CC BY-NC-ND 4.0 · Asian J Neurosurg 2017; 12(03): 519-524
DOI: 10.4103/1793-5482.153497
ORIGINAL ARTICLE

Efficacy of superficial temporal artery-middle cerebral artery bypass in cerebrovascular steno-occlusive diseases: Hemodynamics assessed by perfusion computed tomography

Woo-Keun Kwon
Department of Neurosurgery, Korea University, Guro Hospital, Korea University College of Medicine, Seoul
,
Taek-Hyun Kwon
Department of Neurosurgery, Korea University, Guro Hospital, Korea University College of Medicine, Seoul
,
Dong-Hyuk Park
1   Department of Neurosurgery, Korea University, Anam Hospital, Korea University College of Medicine, Seoul
,
Joo-Han Kim
Department of Neurosurgery, Korea University, Guro Hospital, Korea University College of Medicine, Seoul
,
Sung-Kon Ha
2   Department of Neurosurgery, Korea University, Ansan Hospital, Korea University College of Medicine, Ansan
› Author Affiliations

Objectives: Our purpose of this study was to assess the cerebral hemodynamic improvement with perfusion computed tomography (CT), before and after superficial temporal artery (STA) to middle cerebral artery (MCA) bypass surgery in patients with cerebrovascular steno-occlusive diseases including both moyamoya disease and nonmoyamoya steno-occlusions.
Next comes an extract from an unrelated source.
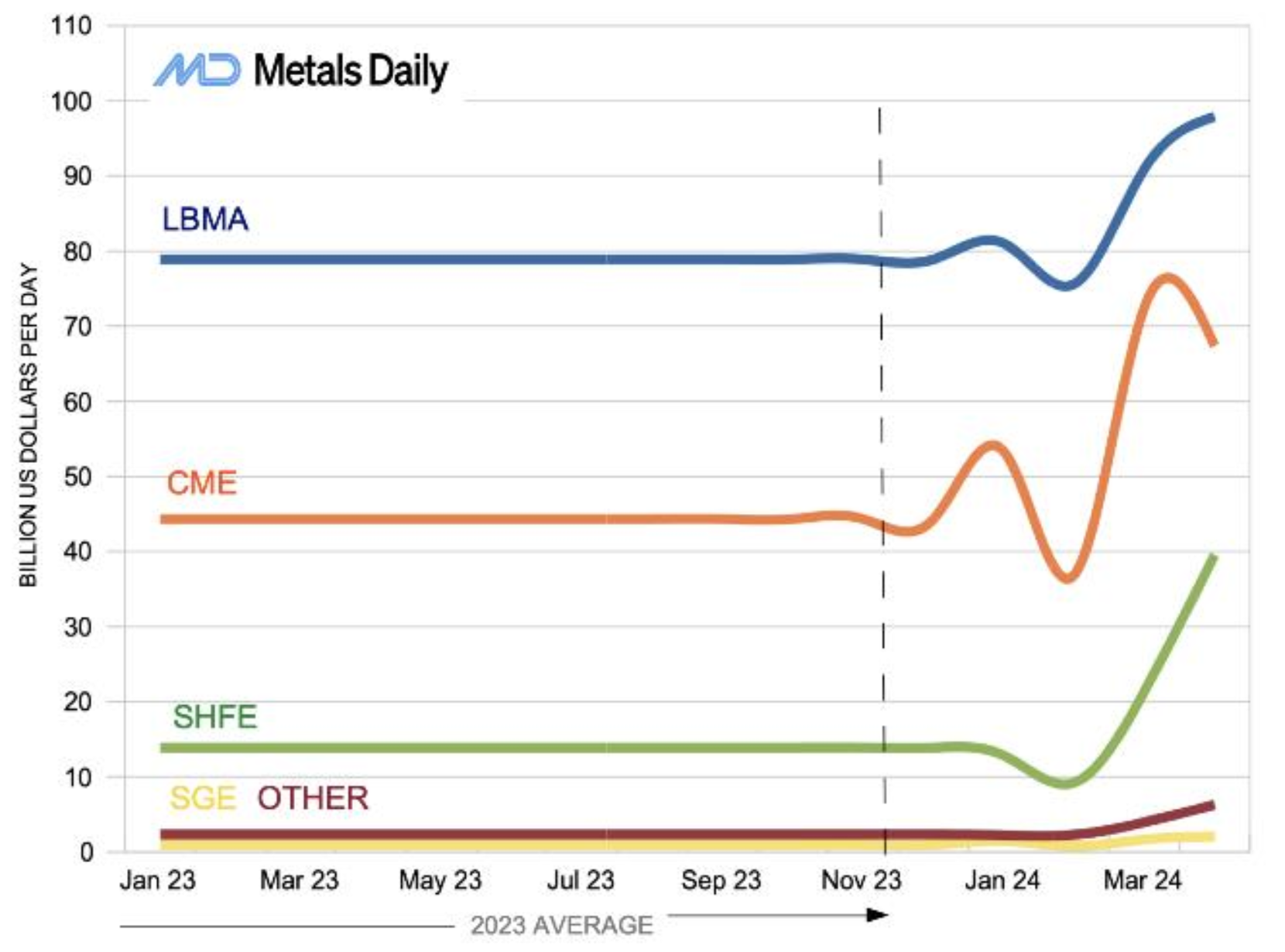 Insbesondere ein bisher einmaliger Anstieg der asiatischen Goldnachfrage scheint mitverantwortlich für diese Rallye am Goldmarkt gewesen zu sein. So hatte sich die Nachfrage an der Shanghai Futures Exchange (SHFE) von Februar bis März sprungartig auf mehr als das Dreifache erhöht, womit kurzzeitig fast das durchschnittliche Niveau des letzten Jahres an der CME in New York erreicht wurde. China importierte im März rund die Hälfte aller Goldexporte aus der Schweiz in Höhe von 71 Tonnen Gold, was den physischen Goldstrom von West nach Ost belegt.

Materials and Methods: Twenty-four STA-MCA bypasses were performed to 22 patients with symptomatic cerebrovascular steno-occlusive diseases, including both moyamoya disease and nonmoyamoya steno-occlusive diseases. Brain perfusion CT images were obtained before and after the bypass surgery. The relative parameters such as cerebral blood volume (CBV), cerebral blood flow (CBF), and mean transit time (MTT) derived from the perfusion CT were collected and analyzed to assess the efficacy of STA-MCA bypass. Results: The CBF increased, and MTT decreased after the bypass surgery in both moyamoya group and nonmoyamoya group. The increase of CBF in nonmoyamoya group and the decrease of MTT delay in moyamoya group, overall group were statistically significant (P < 0.05). No significant postoperative change in CBV was noted. During the postoperative follow-up period, none of the 22 patients experienced any repeated ischemic/hemorrhagic attacks nor any newly developed neurologic deficits. Conclusion: The STA-MCA bypass is an effective surgical management for patients with cerebrovascular steno-occlusive diseases, such as moyamoya disease and internal carotid artery/MCA steno-occlusion. And perfusion CT can be used as an effective quantitative modality to assess the cerebral perfusion before and after the STA-MCA bypass surgery.



Publication History

Article published online:
20 September 2022

© 2017. Asian Congress of Neurological Surgeons. This is an open access article published by Thieme under the terms of the Creative Commons Attribution-NonDerivative-NonCommercial License, permitting copying and reproduction so long as the original work is given appropriate credit. Contents may not be used for commercial purposes, or adapted, remixed, transformed or built upon. (https://creativecommons.org/licenses/by-nc-nd/4.0/)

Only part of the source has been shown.